Provided data -
==============================

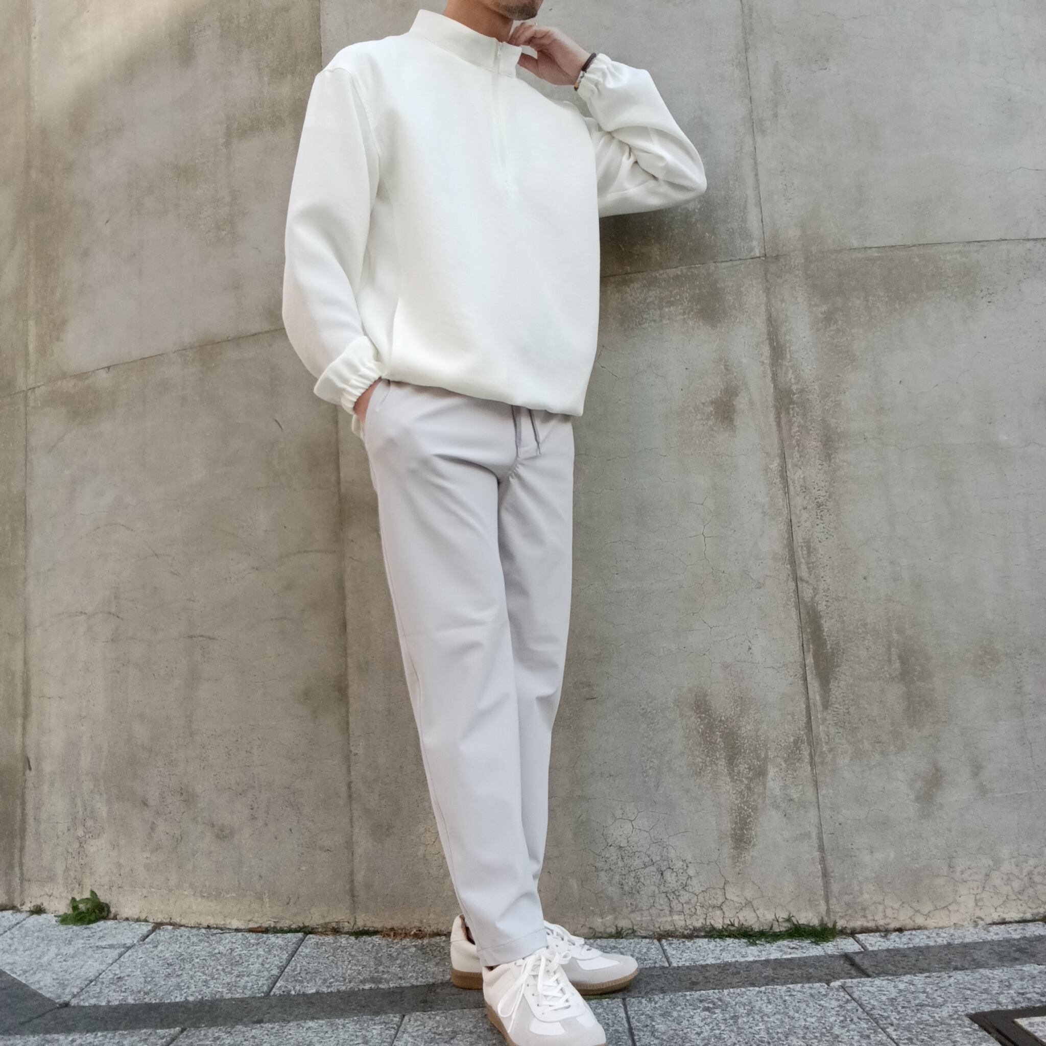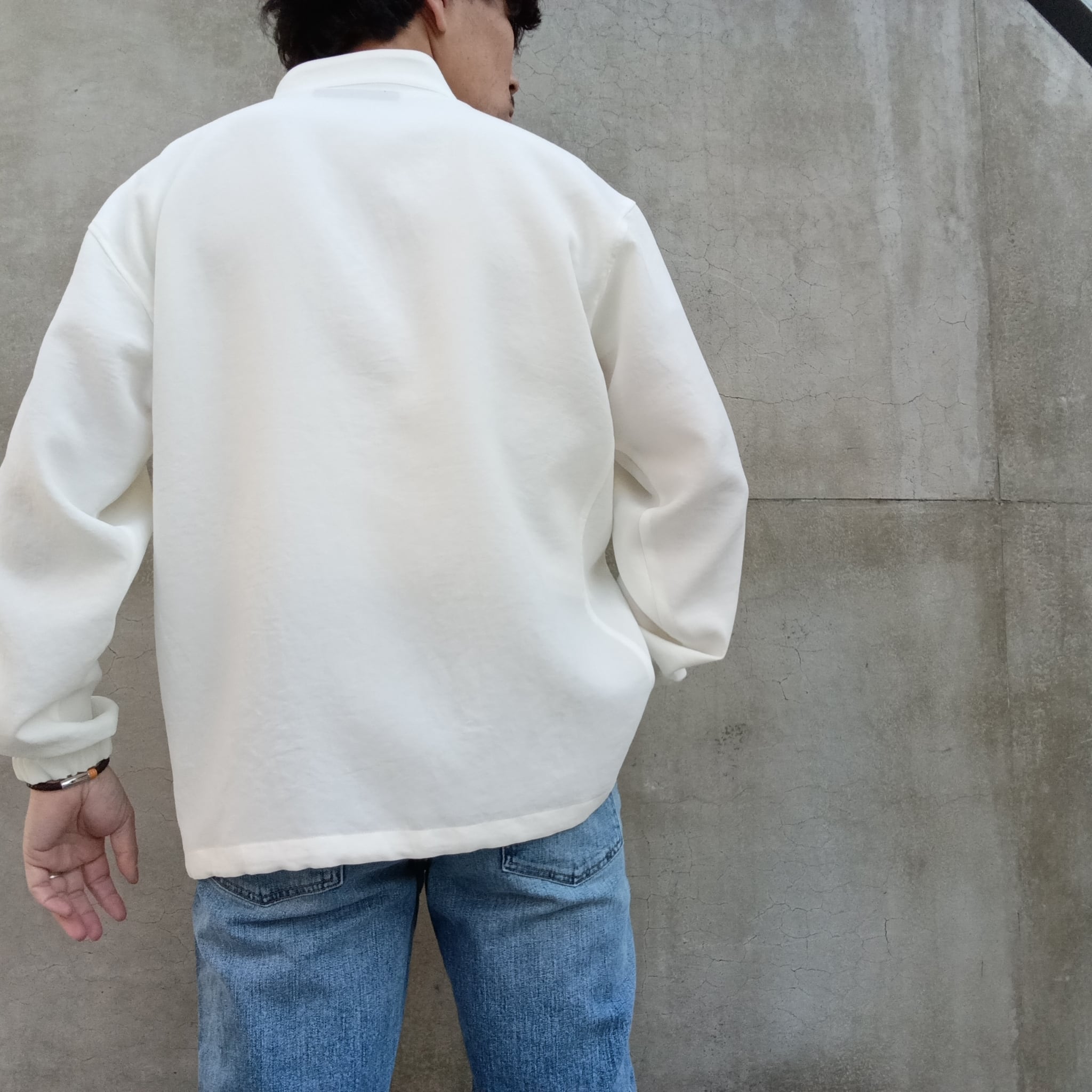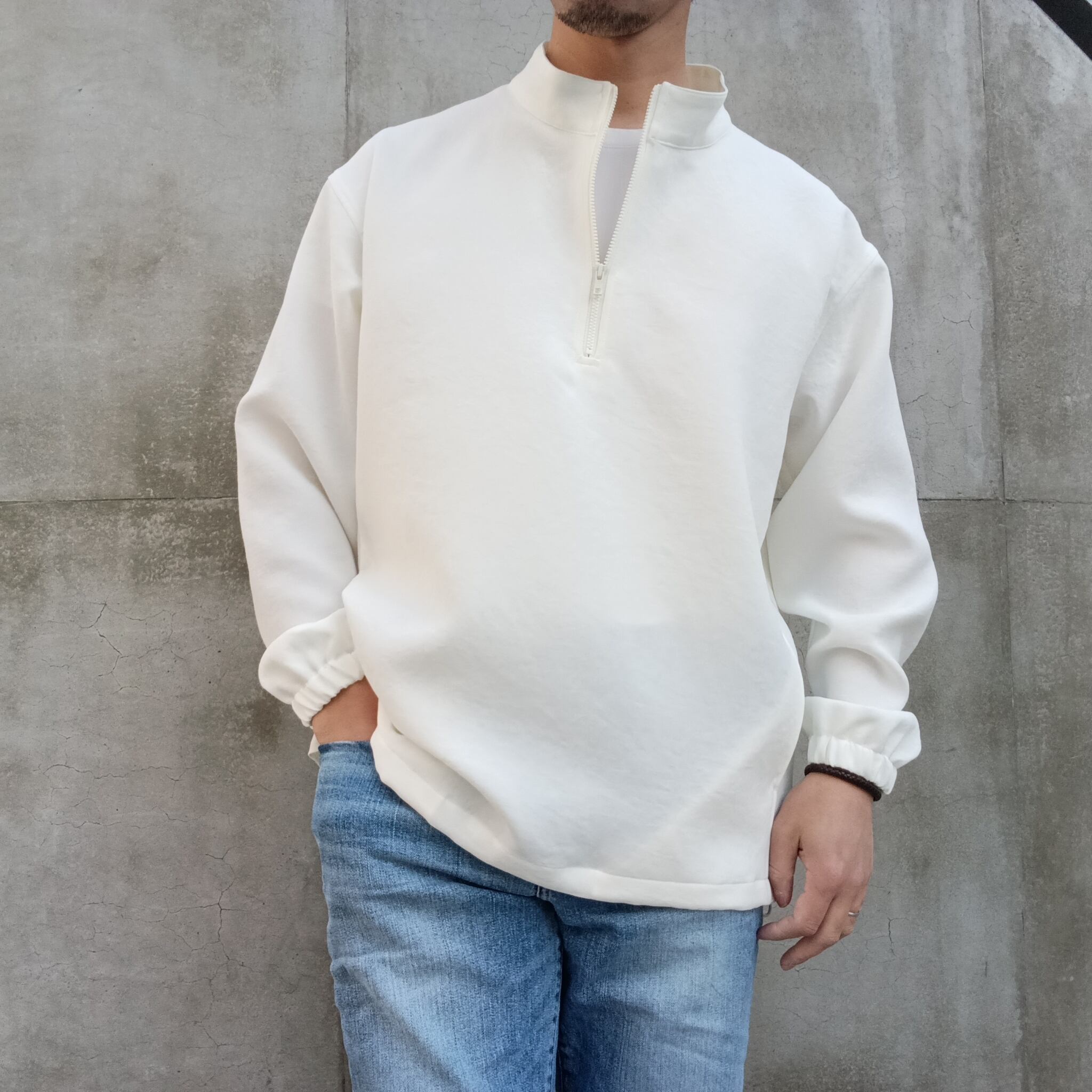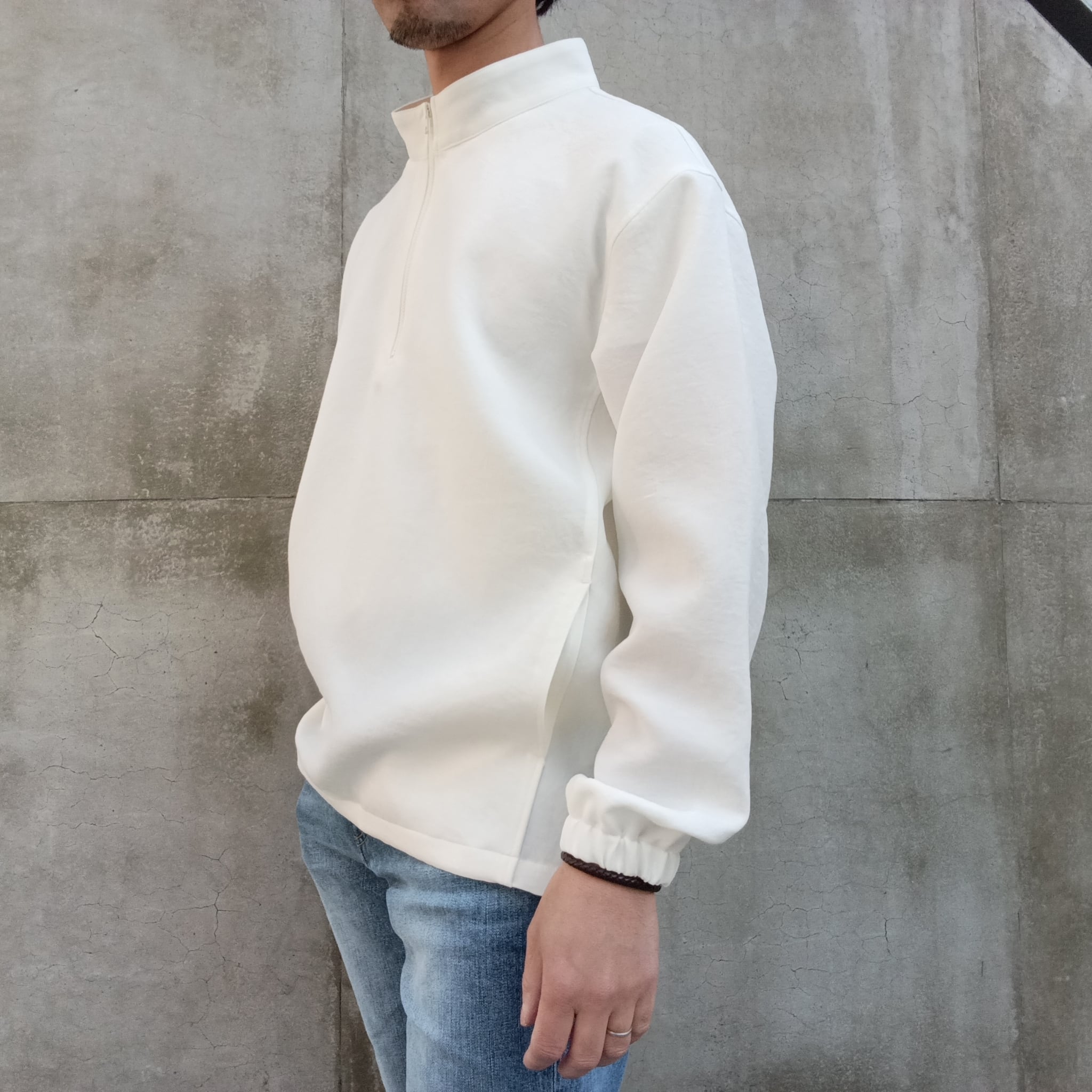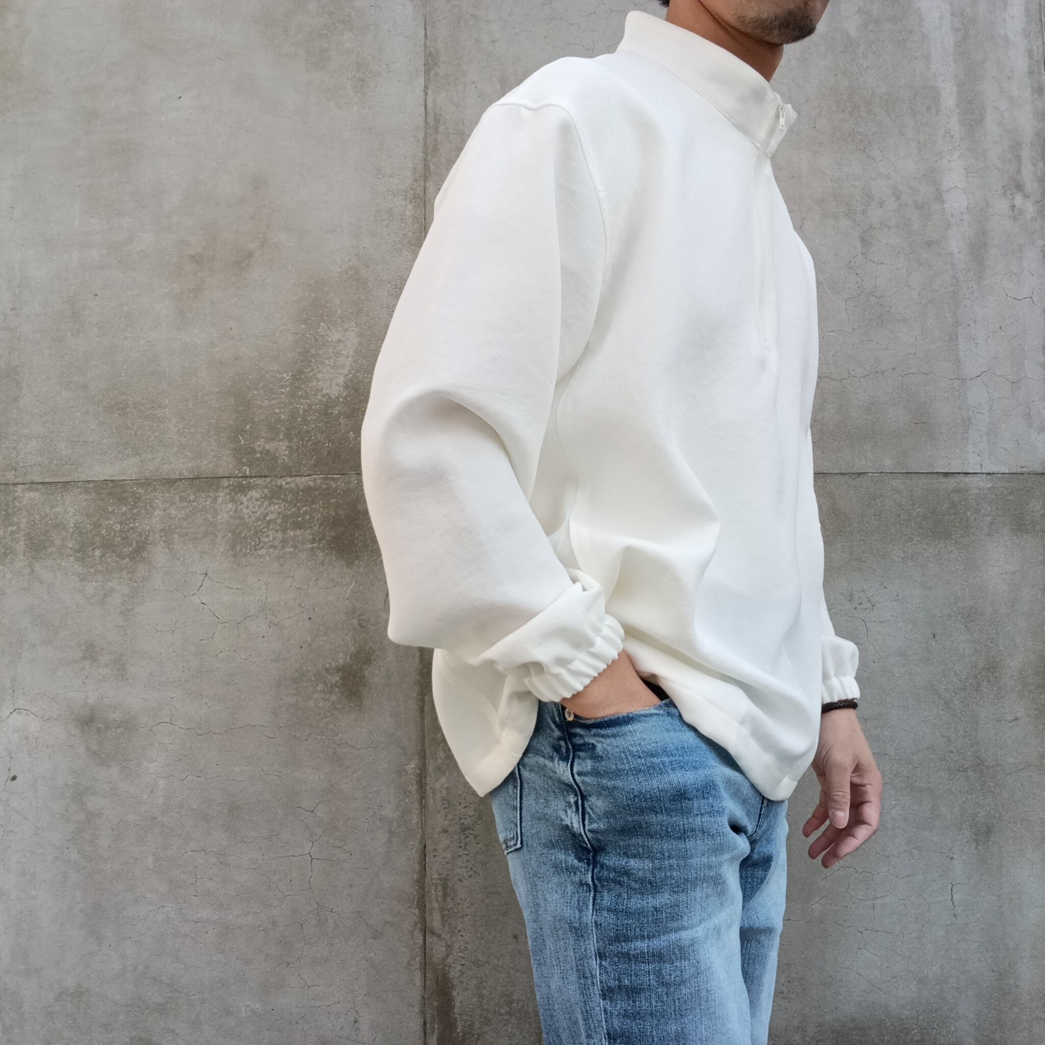 TEIJIN「TRIXIONⓇ」糸を使用し、ナチュラル感のある二重織素材。清涼感のあるさらっとしたドライタッチと、タテヨコのマルチハイストレッチが着用時にストレスを感じさせずリラックス感のある素材です。ブラックの発色も綺麗で大人っぽい雰囲気に仕上がっています。昨秋より大注目のスタンドジップシャツ型。
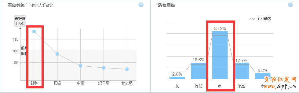 人群細分情況,主要是18-24、25-29的男性,女性占比要少一些。買家等級以及消費層級主要是中等消費的新手。
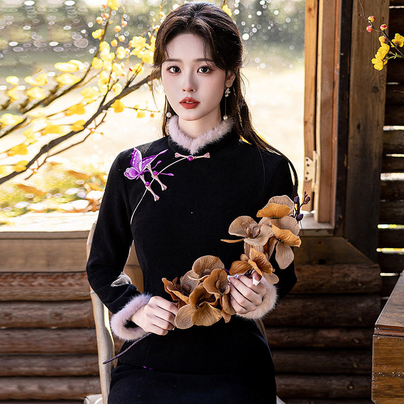 冬款加绒加厚黑色短款长袖旗袍2026新款年轻款女小个子连衣裙冬季

==============================

Task prompt - Return all the lines above exactly; none of the pictures should appear.

Problem solution -
 TEIJIN「TRIXIONⓇ」糸を使用し、ナチュラル感のある二重織素材。清涼感のあるさらっとしたドライタッチと、タテヨコのマルチハイストレッチが着用時にストレスを感じさせずリラックス感のある素材です。ブラックの発色も綺麗で大人っぽい雰囲気に仕上がっています。昨秋より大注目のスタンドジップシャツ型。
 人群細分情況,主要是18-24、25-29的男性,女性占比要少一些。買家等級以及消費層級主要是中等消費的新手。
 冬款加绒加厚黑色短款长袖旗袍2026新款年轻款女小个子连衣裙冬季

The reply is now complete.